Pada backpack, tekanan tidak hanya berasal dari berat laptop. Shoulder strap juga menerima:

  • Tarikan ketika tas diangkat.
  • Hentakan ketika pengguna berlari.
  • Gerakan saat tas dipakai dan dilepas.
  • Tarikan ketika strap diatur.
  • Beban miring saat tas dibawa satu bahu.
  • Gesekan selama perjalanan.
  • Tekanan ketika tas diletakkan atau ditarik.

Bartack membantu memperkuat area kecil yang menjadi jalur transfer beban tersebut.

Pola jahitan rapat memperluas area penguncian benang sehingga sambungan tidak hanya bergantung pada satu atau dua tusukan.
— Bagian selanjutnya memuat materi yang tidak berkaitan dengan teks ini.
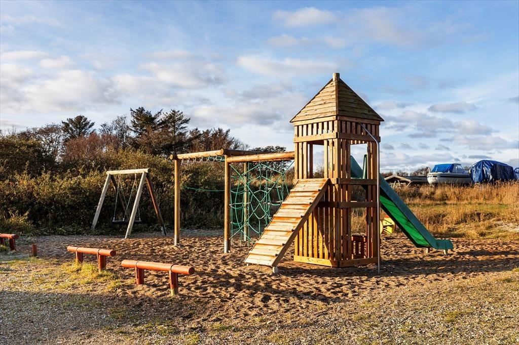 Fra fire af soveværelserne er der direkte adgang til husets udearealer, så du kan nemt komme ud i den friske luft og nyde fuglesangen, så snart du vågner. En stor træterrasse mod syd har både overdækkede og åbne områder, så du altid kan finde en god siddeplads i solen. Græsplænen er perfekt til leg og boldspil, og der er også en gynge til børnene. Mens de yngste leger, kan de voksne nyde en ekstra kop kaffe på terrassen, inden det er tid til at tage på udflugt. Der er også en indhegnet hundegård på 30m2, så familiens firbenede ven kan boltre sig sikkert og frit.

Namun, jahitan bartack tetap harus bertemu dengan material yang memadai. Jika kain tempat jahitan dipasang terlalu tipis, sudah sobek, atau tidak diberi lapisan penopang, jahitan yang rapat pun belum tentu mampu bekerja maksimal.

Bartack Bukan Satu-Satunya Penentu Kekuatan Tas

Sobat PEGE mungkin menemukan tas dengan pola jahitan padat pada shoulder strap, lalu langsung menyimpulkan tas tersebut pasti kuat.

Belum tentu.

Ciri tas ransel kuat harus dilihat sebagai satu sistem. Kualitas akhirnya dipengaruhi oleh kombinasi:

Material luar

Kain harus sesuai dengan beban dan fungsi tas. Material terlalu tipis dapat tertarik di sekitar lubang jahitan.

Webbing

Tali anyaman perlu mempunyai lebar, ketebalan, dan konstruksi yang sesuai. Webbing yang mudah berbulu atau melintir dapat menjadi titik lemah.

Benang

Jenis dan ukuran benang harus sesuai dengan kain, jarum, serta beban yang diperkirakan.

Pola jahitan

Jumlah tusukan yang banyak tidak otomatis lebih baik jika polanya terlalu sempit, salah posisi, atau justru merusak material.

Lapisan penguat

Beberapa titik memerlukan webbing tambahan, backing fabric, foam, atau material berlapis agar gaya tarikan tidak hanya diterima permukaan luar.

Jahitan utama

Bartack tidak dapat menggantikan jahitan utama yang buruk. Sambungan panel, binding, dan seam allowance tetap harus dikerjakan dengan baik.

Konstruksi shoulder strap

Foam, mesh, webbing, dan material penutup harus tersambung sebagai satu bagian yang stabil.

Quality control

Jahitan perlu diperiksa untuk memastikan tidak ada benang putus, pola bergeser, material terlipat, atau bagian yang tidak terkunci sempurna.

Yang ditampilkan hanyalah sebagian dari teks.